Poems Like Flown Aeroplanes

(Photo Credit: Flickr / Stefano Greggio)
(Photo Credit: Flickr / Stefano Greggio)

You have to trust
like a passenger trusts
the pilot landing the
double-decker commercial jet
in the middle of a brewed hurricane.
Any less, and the whole hollow-boned
contraption falls from the sky
like an aluminum sparrow.

You have to trust
that he can handle the wind,
turn the turbulence of the subject deftly
enough to lift your interest,
fling you across continents,
and drop you off exactly where you
need to end up, even if it isn’t
where you thought you would be.

You have to trust
in his dogged experience,
his years of fighter-jet barrel-rolls
with whistling-wing accompaniment
flapping hot and hostile
over hungry miles of earth.

You have to trust
in all his tortuous training,
his hundreds of hours of accumulated flight,
the time and tears he’s invested
for the enjoyment and benefit of us all.

And then, you have to trust
in yourself to do the same.

Emotions Like Vaccines

(Photo Credit: Flickr / Noodles and Beef)
(Photo Credit: Flickr / Noodles and Beef)

I am the rock that never liked needles,
never needed the spikes to appreciate the lulls.
If I’ve felt it hard just once,
then the memory is enough
to leave me inoculated.

But you, sick with your emotion,
are drawn to my stability.
You step ever closer closer and stand
with arms wide to spread the disease.
I can see it leaking now from your eyes.
Your body writhes from it,
and I do not understand how you shake.
Breathe your screams elsewhere.
Do not infect me with some new strain
I have never before felt;
all my avoidance will be shot.

May my antibodies spike soon.
My heart cannot take another illness.
It might tear, and I do not know
if the next rip will make it stronger.

Under the Skin

(Photo Credit: Flickr / Christine Mitchell)
(Photo Credit: Flickr / Christine Mitchell)


We ink ourselves up
hoping to find someone
with a matching sign,
a homing signal for something
we have in common,
something that communes with us both.

We wear our hearts out
where our sleeves would go
so whoever’s trying to fathom them
doesn’t have to search so hard.
We want to be found,
and to find the jagged puzzle pieces
of their art that mesh with ours.


Our pigments are carrier pigeons,
and the messengers are losing syllabic feathers
with every oxidized breath stroke.

These are our heaviest metals,
pin-prick traumas to make memorials
of the worse ones we’ve somehow escaped
visibly unscarred.
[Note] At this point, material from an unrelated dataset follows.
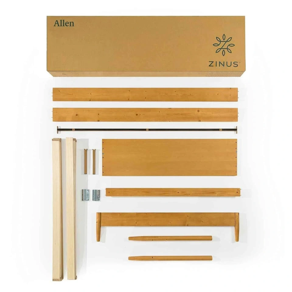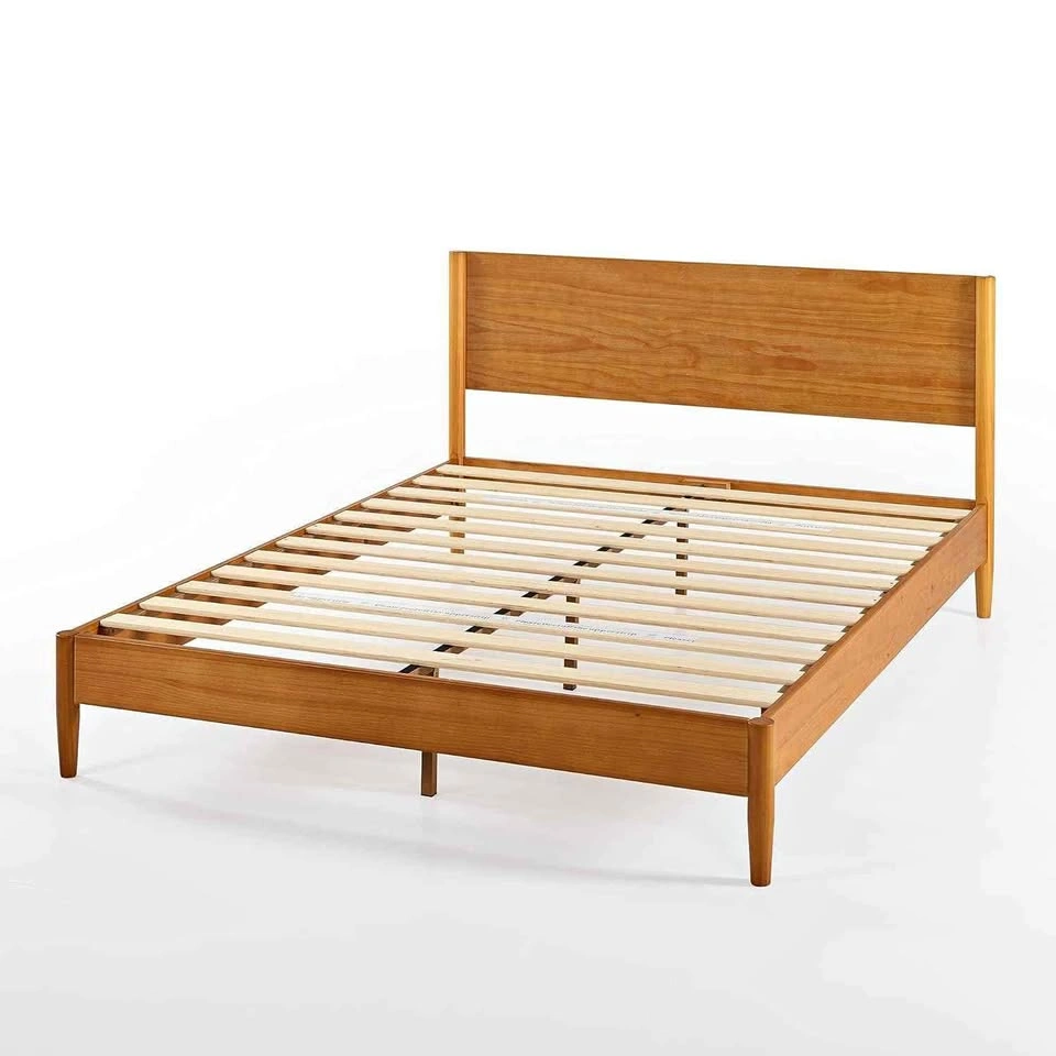 Brand new bed frame. It comes unassembled in original sealed box with all manufacturer parts and hardware for easy assembly. * Only the bed frame for sale. Mattress not included and sold separately. Retails at Amazon for $644 ($570 + tax). Save your money. ZINUS Allen Mid Century Wood Platform Bed Frame/Solid Wood Foundation/Wood Slat Support/No Box Spring Needed/Easy Assembly, Queen Product details: Brand: Zinus Size: Queen Material: Alloy Steel, Engineered Wood, Wood Product Dimensions: 2.02L x 1.51W x 0.31H Meters Style: Classic, Mid Century Special feature: No Box Spring Needed Colour: Brown CLASSIC ELEGANCE - This beautiful mid-century design with rounded legs and a solid wood finish adds style to your bedroom without breaking the bank DURABLY CRAFTED - A solid wooden framework, from headboard to legs, is durably designed and made for long-lasting, squeak-free use; twin size supports a maximum weight of 350 lbs, while all other sizes can support up to 700 lbs NO BOX SPRING NEEDED - Sturdy wooden slats support and extend the life of your latex, memory foam or spring mattress without the need for a box spring EASY ASSEMBLY - All tools, parts and instructions are expertly packed into one box for simple assembly with the help of a friend in under an hour

We pay to have them embossed,
exposed to show and tell our stories
like kindergarten picture books.
Maybe then they’ll finally understand.


I will prove my worth to you in ink,
in a name not signed by my own hand.

This will fade with time, as all things do.
But by it, you will always recognize my darkness
and the depths of my commitment.

The Haul

(Photo Credit: Flickr / Alex Saurel)
(Photo Credit: Flickr / Alex Saurel)

I have committed genocide for your bellies.
I have done it countless times.
My body tally has ensnared billions,
and still, you demand more severed heads.

The viscous brown broth
that sloshes out of their holding cells
is the brew of all their heady fluids.
These have slowly left their carcasses,
then pooled and stewed for days.
It has taken me twenty years to realize this.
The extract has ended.